Conscients de ne pas être les destinataires uniques des documents comptables, les praticiens de la finance ont pris l’habitude d’adapter ou de redresser les documents comptables afin de mieux les faire coïncider avec leurs besoins.

Pascal Quiry et Yann Le Fur feront part de leur expérience de praticiens et de pédagogues en ce domaine et suggèreront des améliorations dans la présentation des documents comptables (comptes de résultat, tableaux de flux et de trésorerie) et dans le traitement d’opérations particulières (stock-options, impôts différés, goodwill, provisions, périmètre de consolidation …).
Pour s’inscrire, voir www.ima-france.com.



Tableau : Les taux de rentabilité du capital risque (1)

La rentabilité des fonds suit globalement les cycles des marchés boursiers :

La rentabilité supérieure des fonds de private equity comparativement aux indices boursiers s’explique en grande partie par le risque plus important (risque financier pour les LBO, risque industriel pour les fonds de capital risque).

Notons que la performance des gros fonds est plus élevée que celle des fonds plus petits; ceci se justifie notamment par leur capacité à diversifier de manière plus importante leurs investissements, ce qui leur permet de réduire le risque diversifiable qui, comme notre lecteur le sait, n’est pas rémunéré en finance.

(1) Statistiques 2001 publiées par l’EVCA (European Private Equity and Venture Capital Association) www.evca.com.


Recherche : Les rachats d'actions remplacent-ils les dividendes ?

Oui répondent G. Grullon et R. Michaeli (1) en se fondant sur une étude du comportement, entre 1972 et 2000, de 15 843 entreprises cotées américaines.

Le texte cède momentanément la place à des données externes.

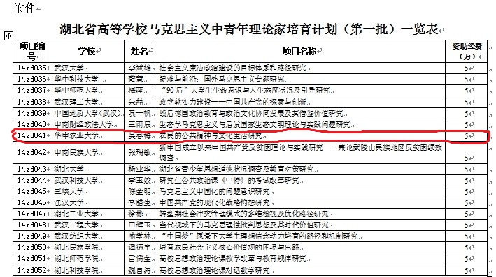 近日,湖北省教育厅发文(鄂教思政函[2014]2号)公布了“全省高等学校马克思主义中青年理论家培育计划(第一批)”入选名单,全省共有18人入选。我院吴春梅教授入选该计划,其获批立项资助的项目为“农民的公共精神与文化生活研究”。
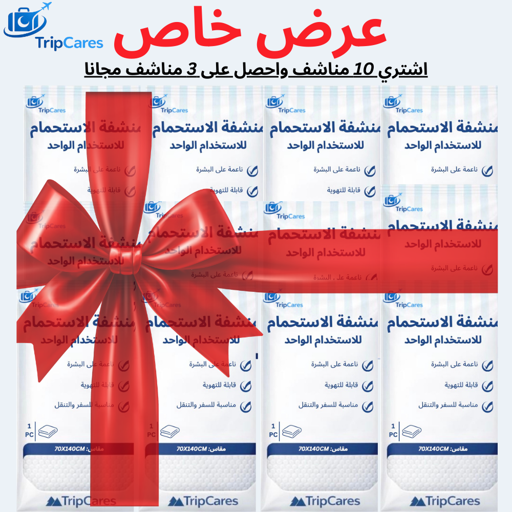 استمتع بتجربة نظافة شخصية آمنة أينما كنت مع مناشف TripCares للاستخدام الواحد المصممة خصيصاً للمسافرين والباحثين عن أعلى مستوى من النظافة أثناء الإقامة في الفنادق أو الشقق المفروشة.
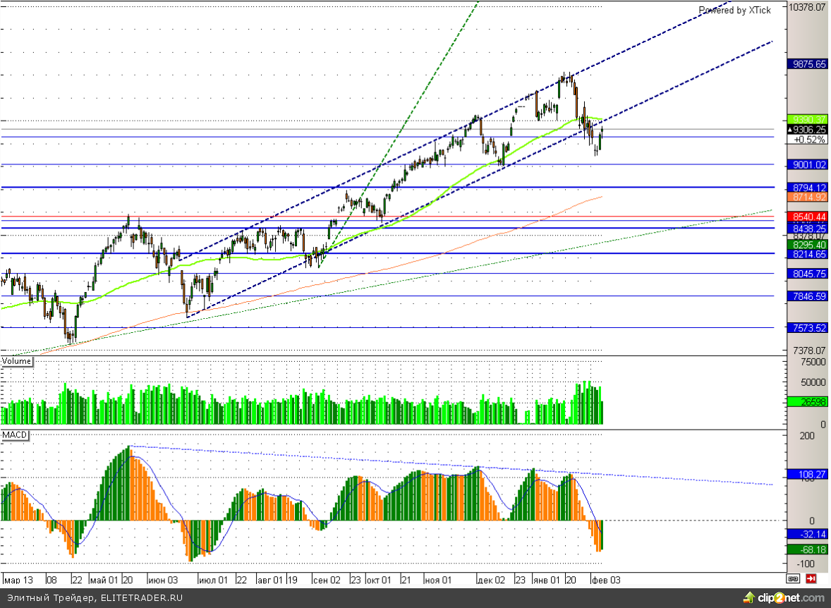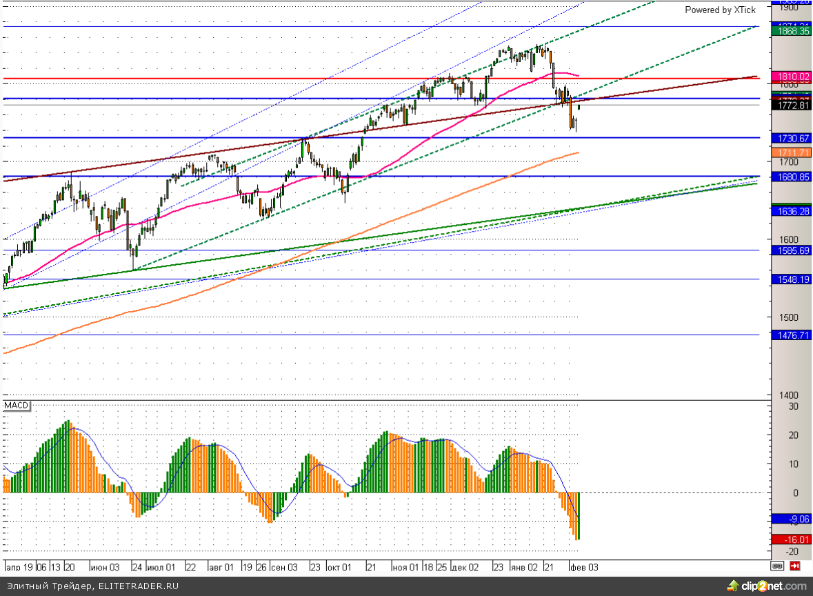 Индекс SnP500 сейчас тестирует снизу вверх недавно пробитое значимое сопротивление на уровне 1780. Преодолеть такой данную отметку без дополнительных драйверов будет крайне непросто, поэтому скорее всего в ближайшее время мы увидим некоторую коррекцию к росту последних дней.
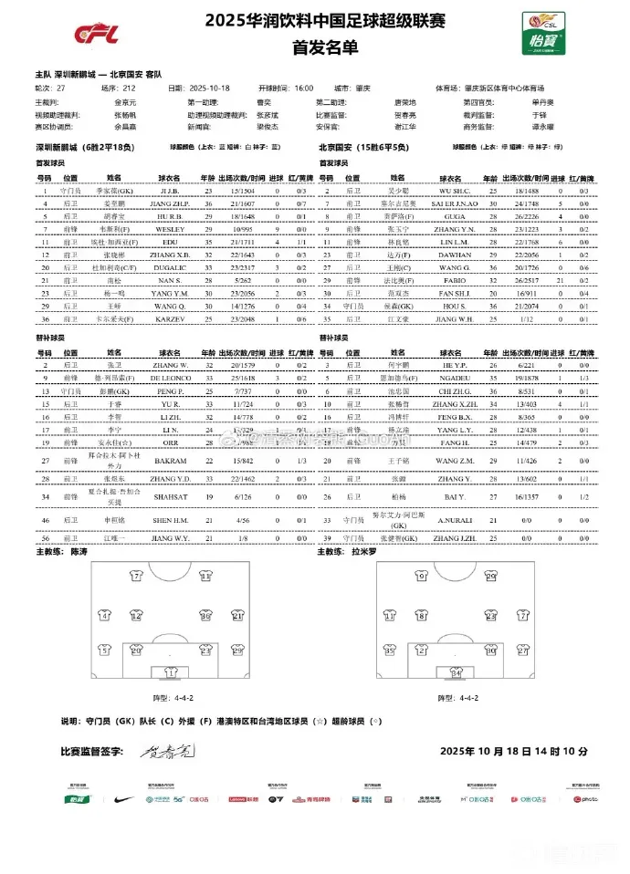 今天16:00,深圳新鵬城主場(chǎng)迎戰(zhàn)北京國(guó)安,首發(fā)塞鳥(niǎo)首賽前雙方公布了首發(fā)陣容:

Et le phénomène a pris une ampleur considérable puisqu’en 2000 les firmes de l’échantillon ont consacré 194 Md$ à des rachats d’actions contre 172 Md$ au versement de dividendes, à comparer à des profits après impôts de 465 Md$. Les rachats d’actions représentent donc aux Etats-Unis des montants plus importants que les versements de dividendes depuis 1999 alors qu’ils n’étaient égaux qu’à 3 % des dividendes en 1975, 13 % en 1980 et 41 % en 1990.

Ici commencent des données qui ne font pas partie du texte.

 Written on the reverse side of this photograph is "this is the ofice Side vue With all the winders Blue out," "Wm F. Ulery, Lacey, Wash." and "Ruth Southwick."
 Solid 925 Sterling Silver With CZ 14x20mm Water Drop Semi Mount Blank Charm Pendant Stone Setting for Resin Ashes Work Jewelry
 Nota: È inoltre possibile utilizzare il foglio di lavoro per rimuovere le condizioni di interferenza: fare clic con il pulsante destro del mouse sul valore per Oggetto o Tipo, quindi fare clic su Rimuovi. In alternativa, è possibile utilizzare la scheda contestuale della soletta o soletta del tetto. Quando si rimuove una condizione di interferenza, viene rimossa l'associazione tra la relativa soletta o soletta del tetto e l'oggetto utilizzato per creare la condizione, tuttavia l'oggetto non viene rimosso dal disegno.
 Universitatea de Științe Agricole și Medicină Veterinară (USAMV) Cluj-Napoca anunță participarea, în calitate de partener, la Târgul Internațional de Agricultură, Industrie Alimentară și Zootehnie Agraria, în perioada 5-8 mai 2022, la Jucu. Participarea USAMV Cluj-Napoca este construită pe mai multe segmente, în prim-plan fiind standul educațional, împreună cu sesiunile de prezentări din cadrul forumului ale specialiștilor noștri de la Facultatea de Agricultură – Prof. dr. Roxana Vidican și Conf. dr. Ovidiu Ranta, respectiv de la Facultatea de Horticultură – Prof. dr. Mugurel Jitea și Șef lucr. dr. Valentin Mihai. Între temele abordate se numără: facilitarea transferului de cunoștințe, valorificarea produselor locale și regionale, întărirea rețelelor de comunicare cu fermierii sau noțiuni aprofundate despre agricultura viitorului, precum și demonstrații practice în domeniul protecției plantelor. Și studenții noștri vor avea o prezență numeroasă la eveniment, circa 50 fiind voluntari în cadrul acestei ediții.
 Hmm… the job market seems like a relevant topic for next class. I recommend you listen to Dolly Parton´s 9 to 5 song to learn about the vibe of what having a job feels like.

De la même façon, seules 20 % des firmes américaines qui versent des fonds à leurs actionnaires le font uniquement par dividendes en 2000 (70 % en 1972), alors qu’elles sont 45 % à le faire par rachat d’actions uniquement (10 % en 1972), 35 % d’entre elles couplant les deux.

En utilisant le modèle de J. Lintner (2), les auteurs montrent que le montant de trésorerie qui aurait dû être versé sous forme de dividendes et qui ne l’a pas été, a été affecté à des rachats d’actions. D’où la constance au cours du temps du taux de distribution pris au sens large : dividendes et rachats d’actions. L’hypothèse de substitution de l’un par l’autre est donc bien validée.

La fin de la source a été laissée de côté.